The graph clearly shows that the blue predicted points cluster tightly around the red "Ideal Fit" line. This strong alignment visually confirms the model's excellent performance, as indicated by the high R² score (99.9647%) and low error metrics previously discussed. The model's predictions are remarkably close to the true values across the entire range of data.

This "Distribution of Residuals" histogram demonstrates the model's excellent performance by showing that its errors are normally distributed and centred around zero. This ideal distribution indicates that most predictions are highly accurate with small, unbiased errors, reinforcing the model's overall robustness and reliability.

This graph visually confirms the model's success in learning the underlying data relationships, as the "Learned Coefficients" (black bars) closely mirror the "Actual Coefficients" (blue bars) in both magnitude and direction for each feature variable. This strong alignment demonstrates the model's high accuracy in identifying the true influence of each feature on the target.

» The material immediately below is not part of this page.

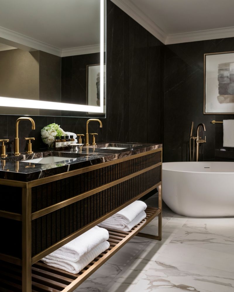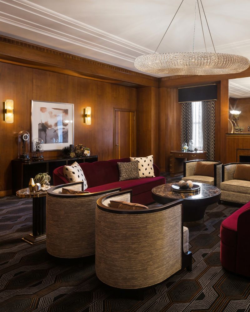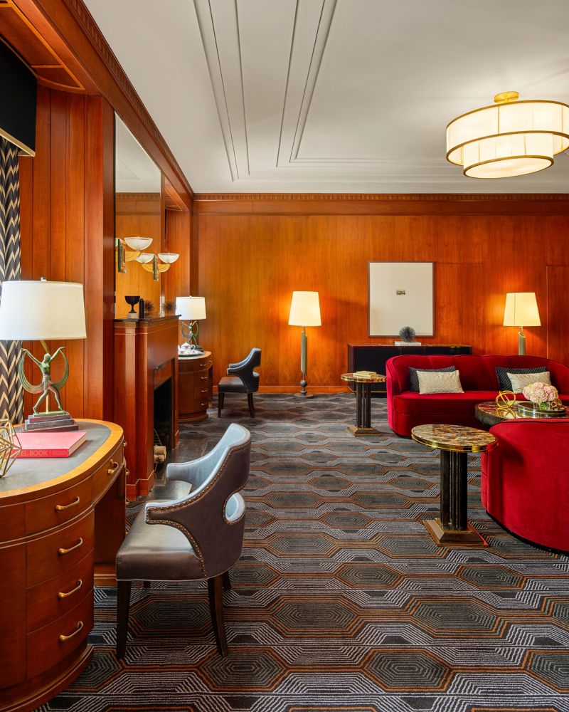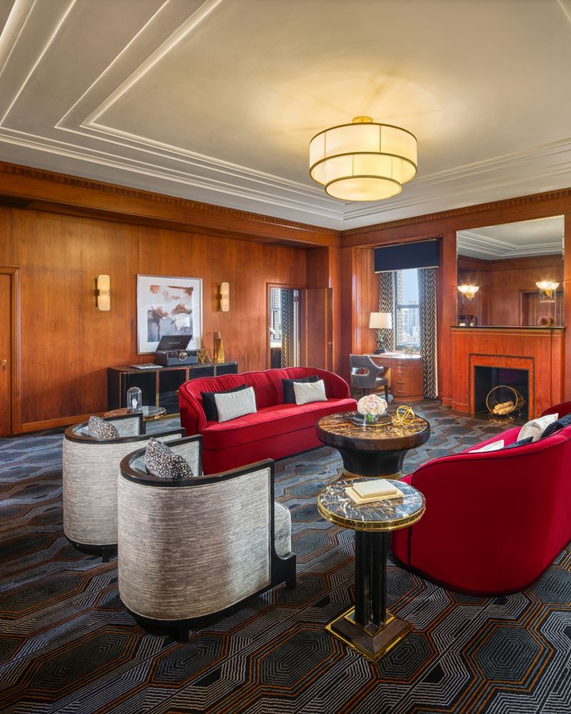 The glamorous Lieutenant Governor’s Suite design is unmistakable in its Art Deco influences. Parlour features original English black walnut veneer-paneled walls and a sitting area up to 20 people. Master bedroom with polished brass, black lacquer, and plush velvet finishing, includes a sitting area, and a spacious marble spa bathroom.

2. Logistic Regression (`Logistic.ipynb`)

Overview

Data Generation: Uses make_classification to create a synthetic binary classification dataset, with optional label noise.
Model: Implements logistic regression with options for L1, L2, or combined regularization.
Training: Uses gradient descent, tracks loss and accuracy, and supports early stopping.
Evaluation: Reports classification metrics, confusion matrix, ROC curve, and visualises loss/accuracy curves.

Key Steps

Data Creation:
- Features are standardised, and a bias term is added.
- Optional label noise for realism.
Model Training:
- Custom LogisticRegression class with manual gradient descent.
- Supports L1, L2, and combined regularization.
- Tracks cost and accuracy per epoch.
Evaluation & Visualization:
- Classification report (precision, recall, f1-score, accuracy).
- Plots: loss curve, accuracy curve, confusion matrix, ROC curve with AUC.

Output from Test-data

Epoch 0/2000, Cost: 0.9063, Accuracy: 61.18% ... Epoch 1999/2000, Cost: 0.5265, Accuracy: 88.98% Classification Report

The "Loss Curve for Logistic Regression" illustrates the model's optimisation process. The rapid decrease in loss followed by its convergence to a stable minimum demonstrates effective training and efficient parameter optimisation, indicating the model successfully learned from the data and reached a state of optimal performance.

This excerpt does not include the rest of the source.